Pretty self-explanatory, the old TiVo app doesn’t do anything with the TS4K, correct? I opened it and it doesn’t even list my TS4K as a device, even though tivo.com obviously does. I have an iPhone if it matters.

Is the app then eventually going to fade away like their DVRs or is TiVo planning on adding the TS4K to its old app’s functionality? Just seems a little odd that in today’s world the TS4K has no smartphone access, other than thru the Sling app.


----------



## dbpaddler (Sep 25, 2004)

The TS4k is not related to the dvr platform in any way, shape or form. 

Sent from my SM-N981U using Tapatalk


----------



## eskovan (Sep 30, 2002)

dbpaddler said:


> The TS4k is not related to the dvr platform in any way, shape or form.
> 
> Sent from my SM-N981U using Tapatalk


I know that, I was questioning if TiVo is possibly going to update or release a new app that also integrates with the TS4K. Something that could serve as a more complex remote control or extend its search functionality.

I guess not many people used their app with their DVRs, so no..


----------



## dbpaddler (Sep 25, 2004)

eskovan said:


> I know that, I was questioning if TiVo is possibly going to update or release a new app that also integrates with the TS4K. Something that could serve as a more complex remote control or extend its search functionality.
> 
> I guess not many people used their app with their DVRs, so no..
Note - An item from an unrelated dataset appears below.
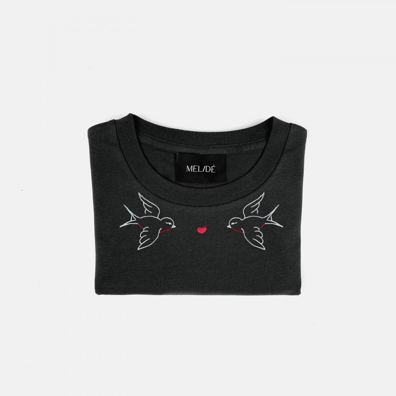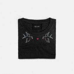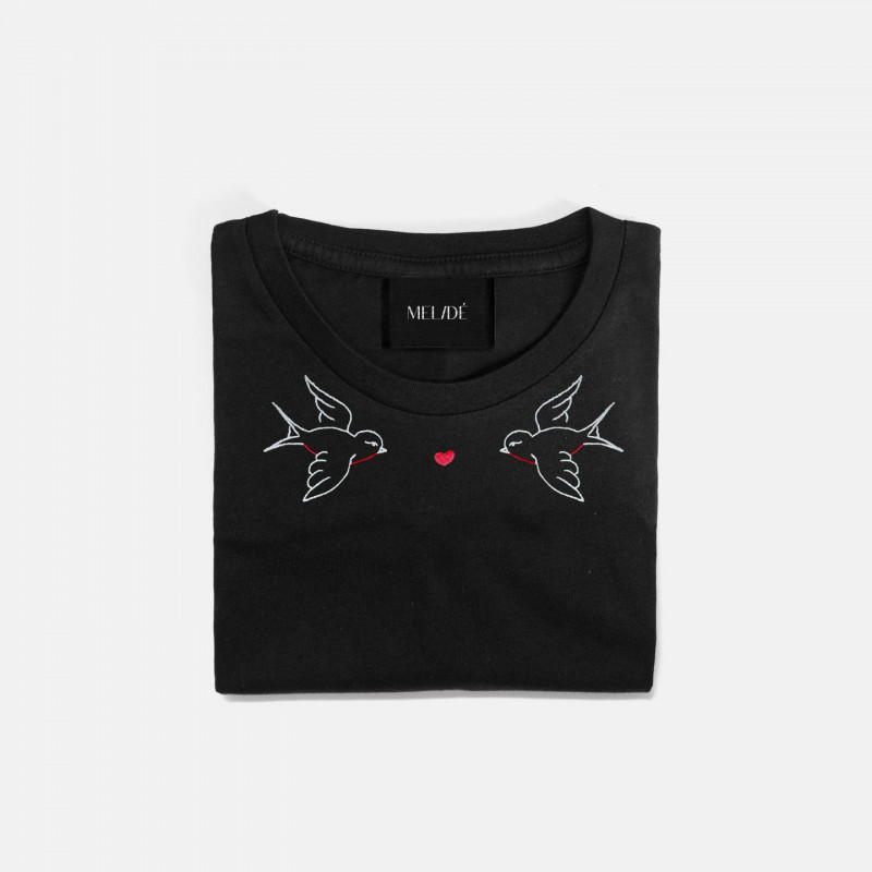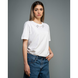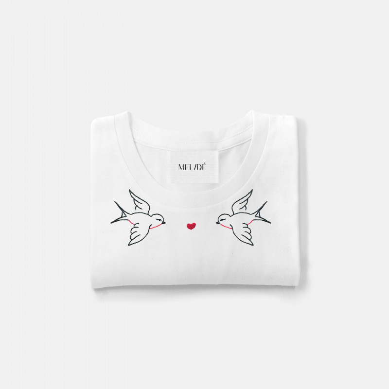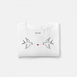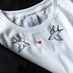 Ricamo realizzato a mano su t-shirt in morbido cotone biologico di alta qualità, certificato.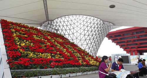 9月29日,游客在世博軸上一處“國慶”字樣的花壇旁小憩。新華社記者 裴鑫 攝

Yeah, that's not happening.

Sent from my SM-N981U using Tapatalk


----------



## Johnwashere (Sep 17, 2005)

I use the "Android TV Remote Control" for my stream 4k. Its basic but works fine.


----------



## XRaiderV17 (Jan 15, 2021)

sometimes less is more..its not overloaded with 'me me me me' like the roku app is, so I dont complain.


----------